- **ASSIGNED TASK**
An exact copy of all the data, minus the images, is required.

BEGIN

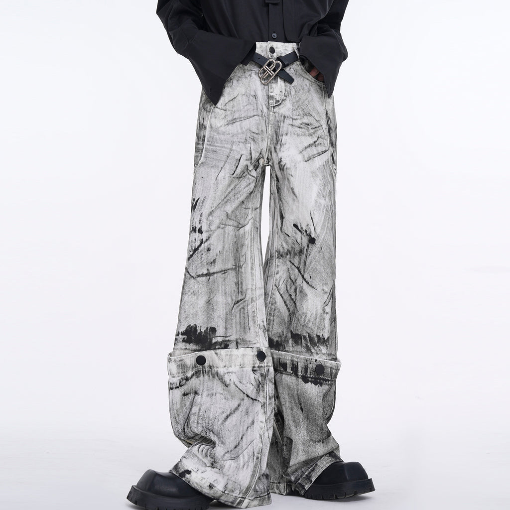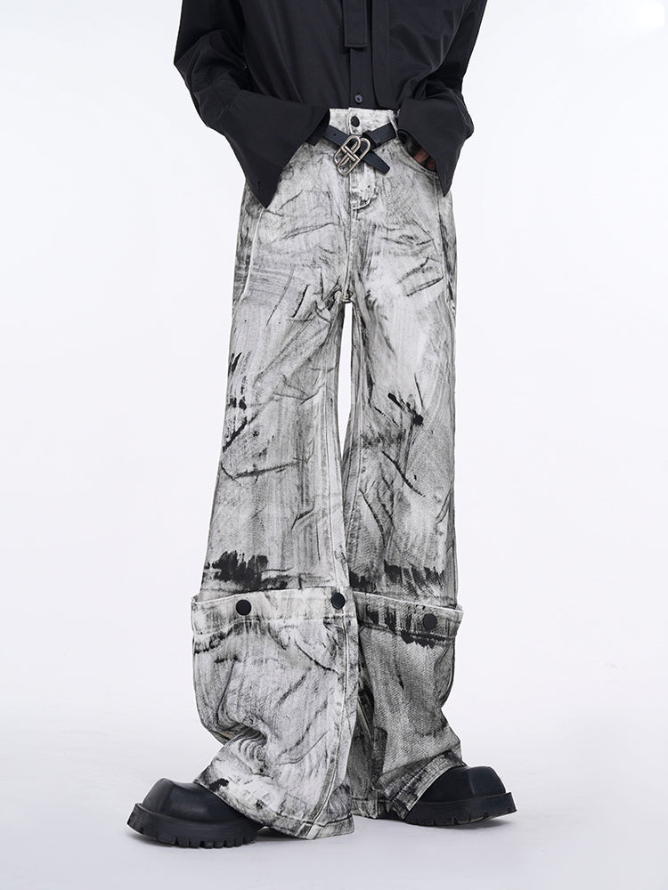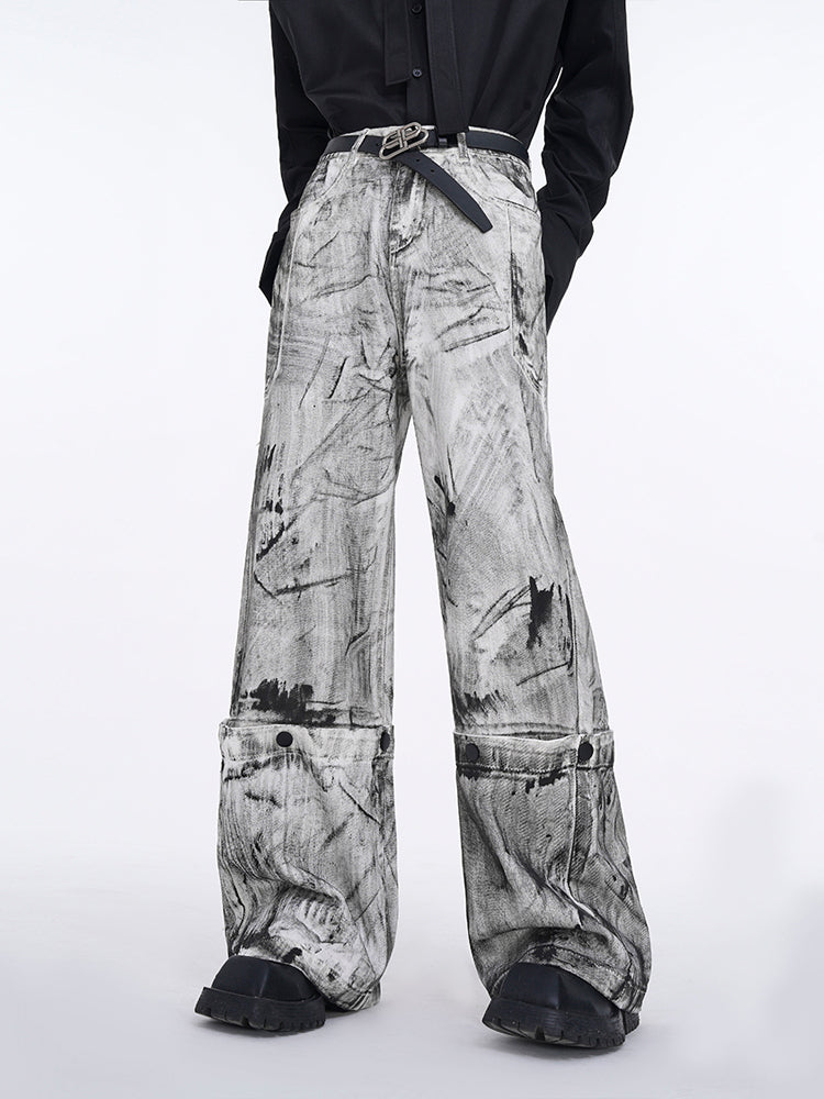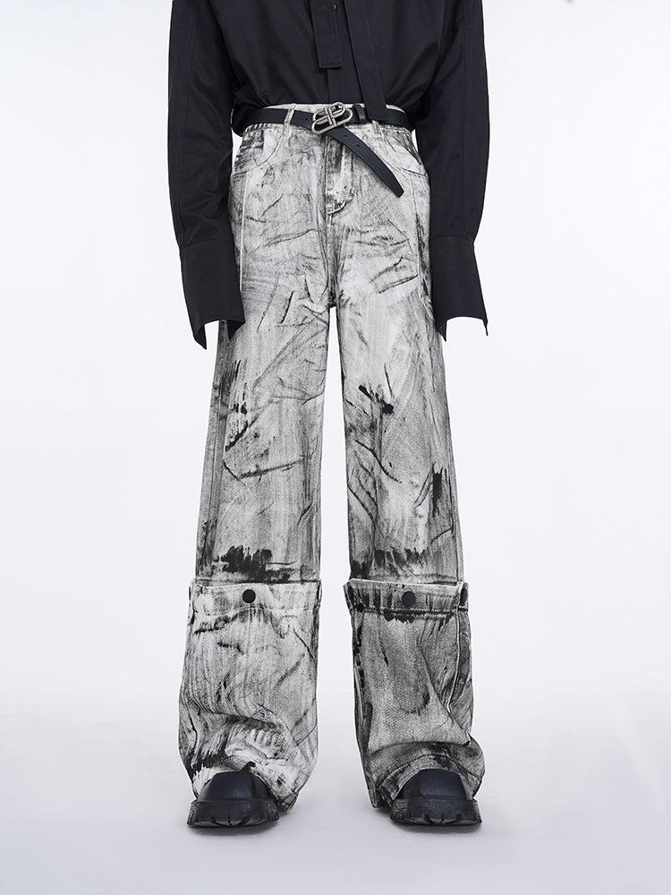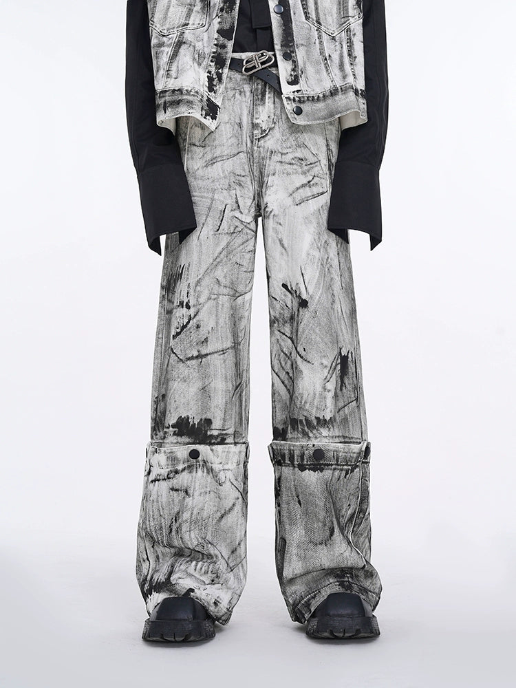 【25s Jan.】High Street White Graffiti Detachable Design Jeans
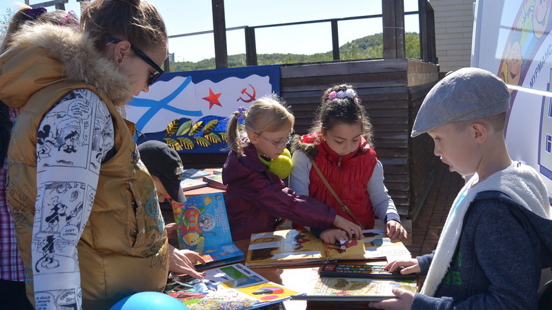 Неподдельный интерес детей вызвали замечательные книжки на морскую тематику, предоставленные Отделом необычных книг. Затем ребят ожидал праздничный морской салют из мыльных пузырей. Закончился праздник раздачей призов и сладостей из пиратского сундука, который вынесло волной на берег.
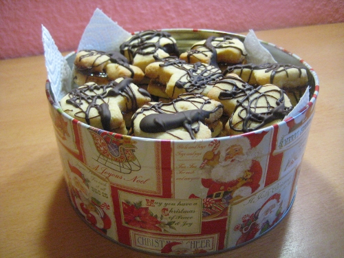 Seit gestern habe ich eine neue Dose. Eine Plätzchendose, ganz klar. Die musste ich haben, ging nicht anders. Nicht, dass ich nicht schon geschätzte 27 hätte, aber Plätzchendosen hat man ja nie genug, zu dieser Jahreszeit. Und da ich sie schonmal hatte, musste sie ja auch gefüllt werden, klar. Ging nicht anders.
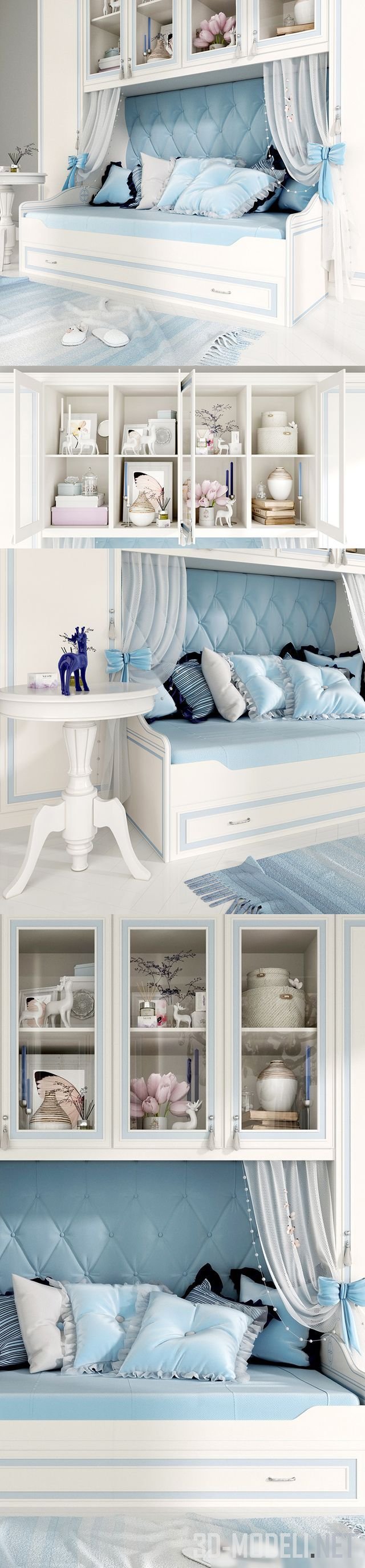 Романтичная мебель для детской комнаты, Collection Happy-Night от бренда Ferretti e Ferretti (Composition 303). Отделка в цвете N02 GLAZED WHITE WITH BLUE COLOR WASH. Набор содержит кровать (2500 x 1150 x H 3100 мм), мебель для хранения вещей (шкаф, полки), кофейный столик, а также множество интерьерных аксессуаров и предметов декора (подушки, шторы, тапочки, коврик, свечи, фоторамки, ящики для хранения, вазы, цветы, книги и пр.)
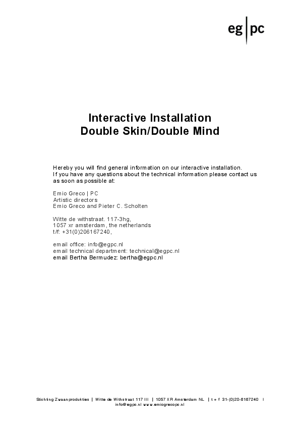 The Interactive Installation Double Skin/Double Mind is a virtual interactive version of the Double Skin/Double Mind workshop. This workshop, which has been taught by dance company Emio Greco | PC since 1996, represents the basis of the creative work of choreographers Emio Greco and Pieter C. Scholten. Participants in this workshop are challenged to discover new interpretations of their dancing body through the movement tracking program Gesture Follower developed by Frédéric Bevilacqua (IRCAM). As result of this comparison different feedback, including emotive icons, sonification and text displays is given through an interface lay out developed by Chris Ziegler. Participants are accompanied by different visualization and sonic information while mentally and physically travelling through the Double Skin/Double Mind structure. Professional as well as non-professional dancers are invited to experience this installation.
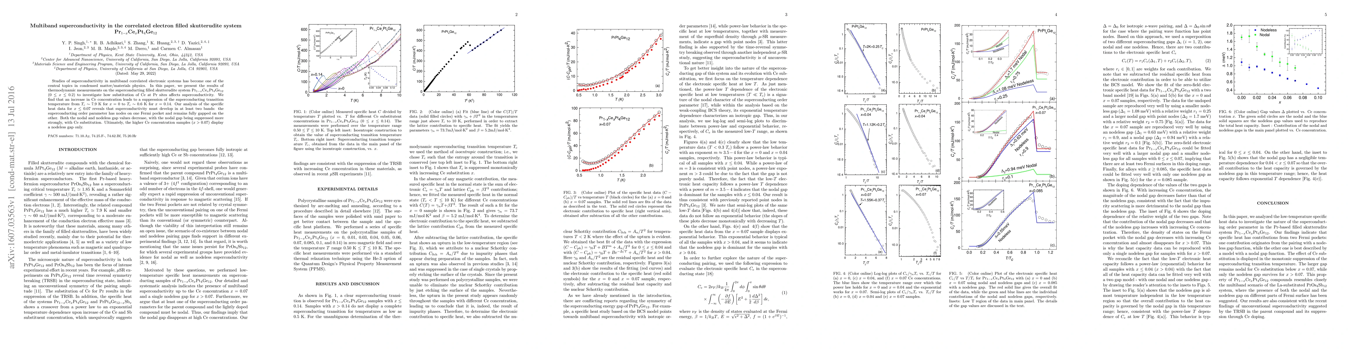 The paper presents a detailed analysis of specific heat measurements to discern multiband superconductivity with nodal and nodeless gaps in the Pr1-xCe_xPt4Ge12 system, providing a comprehensive understanding of the effect of Ce substitution on superconductivity in filled skutterudites.
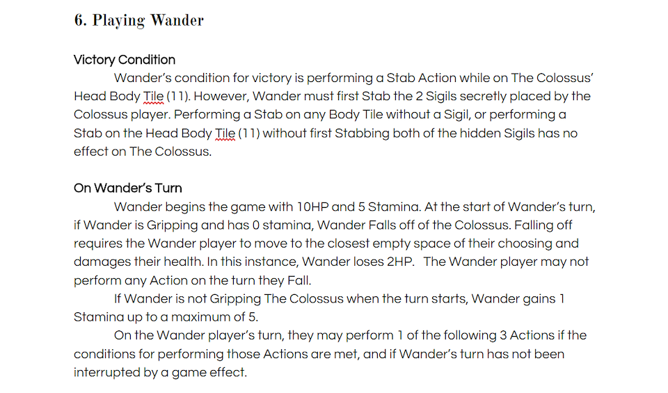 docs.google.com/document/d/1135XLEAmZktnPzKymGxj6R9rcwLqNuiU5eDvU9C7cJ0/edit?usp=sharingA two-player war game that simulates Wander’s encounter with the first Colossus. Follow the link for the post-mortem and ruleset.

END

- **ANSWER FOR THIS EXERCISE**
 【25s Jan.】High Street White Graffiti Detachable Design Jeans
 Неподдельный интерес детей вызвали замечательные книжки на морскую тематику, предоставленные Отделом необычных книг. Затем ребят ожидал праздничный морской салют из мыльных пузырей. Закончился праздник раздачей призов и сладостей из пиратского сундука, который вынесло волной на берег.
 Seit gestern habe ich eine neue Dose. Eine Plätzchendose, ganz klar. Die musste ich haben, ging nicht anders. Nicht, dass ich nicht schon geschätzte 27 hätte, aber Plätzchendosen hat man ja nie genug, zu dieser Jahreszeit. Und da ich sie schonmal hatte, musste sie ja auch gefüllt werden, klar. Ging nicht anders.
 Романтичная мебель для детской комнаты, Collection Happy-Night от бренда Ferretti e Ferretti (Composition 303). Отделка в цвете N02 GLAZED WHITE WITH BLUE COLOR WASH. Набор содержит кровать (2500 x 1150 x H 3100 мм), мебель для хранения вещей (шкаф, полки), кофейный столик, а также множество интерьерных аксессуаров и предметов декора (подушки, шторы, тапочки, коврик, свечи, фоторамки, ящики для хранения, вазы, цветы, книги и пр.)
 The Interactive Installation Double Skin/Double Mind is a virtual interactive version of the Double Skin/Double Mind workshop. This workshop, which has been taught by dance company Emio Greco | PC since 1996, represents the basis of the creative work of choreographers Emio Greco and Pieter C. Scholten. Participants in this workshop are challenged to discover new interpretations of their dancing body through the movement tracking program Gesture Follower developed by Frédéric Bevilacqua (IRCAM). As result of this comparison different feedback, including emotive icons, sonification and text displays is given through an interface lay out developed by Chris Ziegler. Participants are accompanied by different visualization and sonic information while mentally and physically travelling through the Double Skin/Double Mind structure. Professional as well as non-professional dancers are invited to experience this installation.
 The paper presents a detailed analysis of specific heat measurements to discern multiband superconductivity with nodal and nodeless gaps in the Pr1-xCe_xPt4Ge12 system, providing a comprehensive understanding of the effect of Ce substitution on superconductivity in filled skutterudites.
 docs.google.com/document/d/1135XLEAmZktnPzKymGxj6R9rcwLqNuiU5eDvU9C7cJ0/edit?usp=sharingA two-player war game that simulates Wander’s encounter with the first Colossus. Follow the link for the post-mortem and ruleset.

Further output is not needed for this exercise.